Theme: The enemy is anybody who's going to get you killed, no matter which side he's on. For Heller, remaining alive is a fundamental right: Yossarian is at war with both the Germans and the psychotics who run the Air Force. Catch 22 - the argument that defies reason - underlines the irrationality of war.

Style: Sentences lurch into lunacy as language becomes misleading. A hospitalised colonel has "a urologist for his urine, a psychologist for his psyche and a pathologist for his pathos".

Chief Strengths: A grim subject is treated with compassionate hilarity.
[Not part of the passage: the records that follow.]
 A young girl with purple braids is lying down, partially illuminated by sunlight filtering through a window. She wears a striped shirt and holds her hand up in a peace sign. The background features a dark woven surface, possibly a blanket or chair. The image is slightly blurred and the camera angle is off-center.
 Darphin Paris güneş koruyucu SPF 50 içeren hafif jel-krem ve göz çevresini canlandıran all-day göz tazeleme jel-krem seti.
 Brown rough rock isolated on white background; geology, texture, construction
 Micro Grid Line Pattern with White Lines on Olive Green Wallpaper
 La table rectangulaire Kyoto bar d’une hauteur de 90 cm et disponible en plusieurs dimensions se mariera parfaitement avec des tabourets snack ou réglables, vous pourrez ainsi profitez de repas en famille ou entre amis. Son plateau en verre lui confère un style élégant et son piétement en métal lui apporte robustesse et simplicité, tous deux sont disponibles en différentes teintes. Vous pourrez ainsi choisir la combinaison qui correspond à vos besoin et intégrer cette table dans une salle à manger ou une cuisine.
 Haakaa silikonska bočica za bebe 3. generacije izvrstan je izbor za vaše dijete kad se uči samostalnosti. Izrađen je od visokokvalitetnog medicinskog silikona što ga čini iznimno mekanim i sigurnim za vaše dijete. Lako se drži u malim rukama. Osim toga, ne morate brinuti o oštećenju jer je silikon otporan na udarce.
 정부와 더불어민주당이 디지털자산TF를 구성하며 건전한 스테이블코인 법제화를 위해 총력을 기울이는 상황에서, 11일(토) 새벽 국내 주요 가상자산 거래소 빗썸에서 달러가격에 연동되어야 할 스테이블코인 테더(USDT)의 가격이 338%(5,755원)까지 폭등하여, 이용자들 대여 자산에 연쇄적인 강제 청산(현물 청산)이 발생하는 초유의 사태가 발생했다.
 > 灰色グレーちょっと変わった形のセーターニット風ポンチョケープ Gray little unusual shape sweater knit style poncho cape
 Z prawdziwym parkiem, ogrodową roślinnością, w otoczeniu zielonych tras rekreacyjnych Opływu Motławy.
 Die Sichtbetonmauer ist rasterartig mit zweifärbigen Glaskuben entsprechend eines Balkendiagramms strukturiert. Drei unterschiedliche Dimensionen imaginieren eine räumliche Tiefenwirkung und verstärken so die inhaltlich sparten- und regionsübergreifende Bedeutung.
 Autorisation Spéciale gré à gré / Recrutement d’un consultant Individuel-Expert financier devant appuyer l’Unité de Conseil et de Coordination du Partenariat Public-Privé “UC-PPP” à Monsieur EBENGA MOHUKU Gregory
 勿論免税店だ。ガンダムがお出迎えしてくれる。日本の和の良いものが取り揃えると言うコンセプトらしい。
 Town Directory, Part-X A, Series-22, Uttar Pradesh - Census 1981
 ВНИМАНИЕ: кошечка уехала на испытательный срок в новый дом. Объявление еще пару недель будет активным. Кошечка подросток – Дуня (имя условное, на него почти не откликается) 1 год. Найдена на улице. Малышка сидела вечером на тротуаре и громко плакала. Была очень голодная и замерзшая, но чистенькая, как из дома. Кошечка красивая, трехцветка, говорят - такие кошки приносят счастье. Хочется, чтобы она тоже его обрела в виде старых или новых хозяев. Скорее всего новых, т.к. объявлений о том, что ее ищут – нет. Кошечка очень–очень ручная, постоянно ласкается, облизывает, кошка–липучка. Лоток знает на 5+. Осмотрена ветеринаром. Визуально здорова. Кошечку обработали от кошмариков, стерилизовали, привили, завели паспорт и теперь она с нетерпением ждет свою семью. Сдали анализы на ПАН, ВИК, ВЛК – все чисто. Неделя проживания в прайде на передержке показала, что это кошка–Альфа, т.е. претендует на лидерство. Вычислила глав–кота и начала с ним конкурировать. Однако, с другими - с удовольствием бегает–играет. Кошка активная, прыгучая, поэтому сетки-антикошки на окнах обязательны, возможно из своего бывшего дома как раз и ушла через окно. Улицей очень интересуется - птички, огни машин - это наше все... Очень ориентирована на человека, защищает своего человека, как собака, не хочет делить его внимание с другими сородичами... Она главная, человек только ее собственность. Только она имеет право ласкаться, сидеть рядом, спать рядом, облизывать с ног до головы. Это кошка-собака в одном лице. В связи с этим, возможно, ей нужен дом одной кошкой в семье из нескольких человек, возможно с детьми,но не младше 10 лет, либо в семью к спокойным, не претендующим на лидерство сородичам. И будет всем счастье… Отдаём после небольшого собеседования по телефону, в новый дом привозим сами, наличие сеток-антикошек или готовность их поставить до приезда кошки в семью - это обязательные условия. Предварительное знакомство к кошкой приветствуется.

Apart from Yossarian, nobody escapes the author's scathing wit.

Chief weakness: Heller's satire works because he chooses to ignore what Hitler was about; this selectivity brings intensity but also limitation.

What they thought of it then: Sounding like one of Heller's officers the New York Times thought the book both a "dazzling performance" and "gasping for want of craft and sensibility". Eventually Catch 22 became that rare phenomenon: the arty novel that is a smash hit.

What we think of it now: Catch 22 remains a bible for disaffected youth, confused and depressed by "authority".

Responsible for: The Oxford Dictionary now defines catch-22 as "a dilemma or circumstance from which there is no escape because of mutually conflicting or dependent conditions".